> WHAT YOU WILL DO
When you reach the line that holds "L'appartement se compose", start copying exactly and keep going through the final line of the data, leaving out pictures.

> STORED DATA
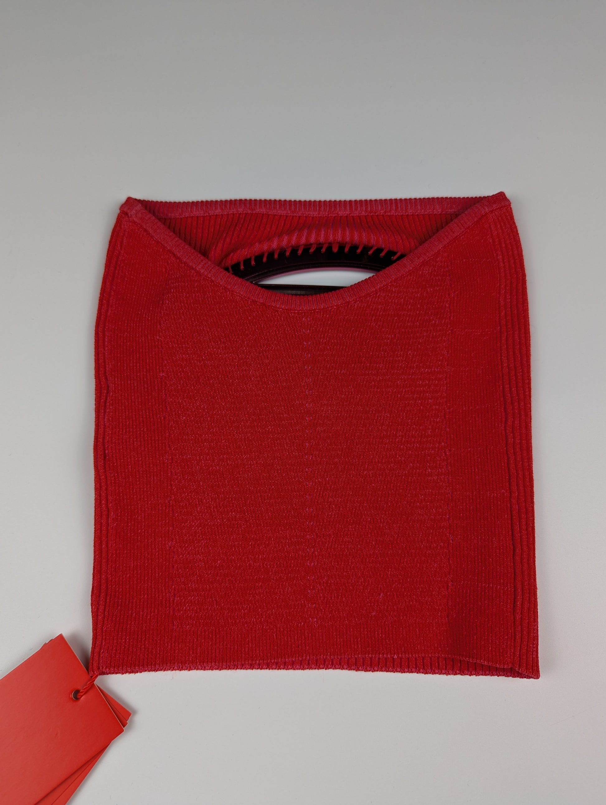 This sleeveless bando features ribbed stretch fabric and is accented with a prominent pink metal logo on the chest.
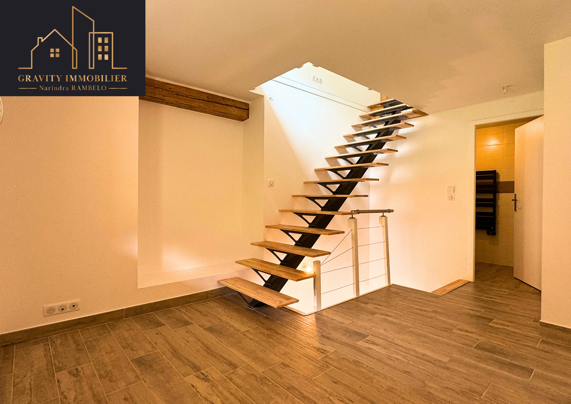 L'appartement se compose d'une entrée ouvrant sur un espace de vie lumineux avec accès direct aux extérieurs et d'une cuisine (existante sans éléctroménager), d'un pièce à vivre au 1er étage + salle d'eau et WC indépendants et au 2ème étage une chambre originale avec des espaces optimisés grâce à la configuration en triplex.
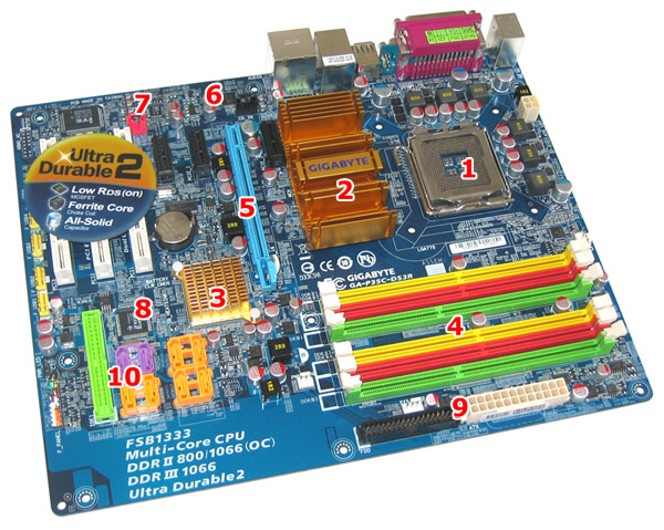 Im unteren Mainboardbereich befinden sich die Erweiterungsslots, die Southbridge, die Front-Panel-Anschlüsse, SATA2-Ports und der einzige IDE-Kanal, sowie Pins für die externen USB 2.0-Ports. Hier hat Gigabyte saubere Arbeit geleistet und unserer Meinung nach keine groben Fehler beim Layout der Platine begangen. Einzig die Position des CMOS-Reset könnte besser sein, da der dazugehörige Jumper bei Grafikkarten mit enormer Bauhöhe schwer zugänglich ist. Die Anordnung der PCI und PCI Express Steckplätze macht jedoch durchaus mehr Sinn: Selbst beim Einsatz von Dual-Slot-Karten stehen immer zwei PCIe x1 und drei PCI Schnittstellen zur Verfügung. Auf der folgenden Grafik haben wir nochmals alle wichtigen Stellen auf der Platine markiert und geben gleichzeitig eine kleine Übersicht zur Platzierung der einzelnen Chips und Funktionalitäten auf dem P35C-DS3R.

> ANSWER TO THE EXERCISE
 L'appartement se compose d'une entrée ouvrant sur un espace de vie lumineux avec accès direct aux extérieurs et d'une cuisine (existante sans éléctroménager), d'un pièce à vivre au 1er étage + salle d'eau et WC indépendants et au 2ème étage une chambre originale avec des espaces optimisés grâce à la configuration en triplex.
 Im unteren Mainboardbereich befinden sich die Erweiterungsslots, die Southbridge, die Front-Panel-Anschlüsse, SATA2-Ports und der einzige IDE-Kanal, sowie Pins für die externen USB 2.0-Ports. Hier hat Gigabyte saubere Arbeit geleistet und unserer Meinung nach keine groben Fehler beim Layout der Platine begangen. Einzig die Position des CMOS-Reset könnte besser sein, da der dazugehörige Jumper bei Grafikkarten mit enormer Bauhöhe schwer zugänglich ist. Die Anordnung der PCI und PCI Express Steckplätze macht jedoch durchaus mehr Sinn: Selbst beim Einsatz von Dual-Slot-Karten stehen immer zwei PCIe x1 und drei PCI Schnittstellen zur Verfügung. Auf der folgenden Grafik haben wir nochmals alle wichtigen Stellen auf der Platine markiert und geben gleichzeitig eine kleine Übersicht zur Platzierung der einzelnen Chips und Funktionalitäten auf dem P35C-DS3R.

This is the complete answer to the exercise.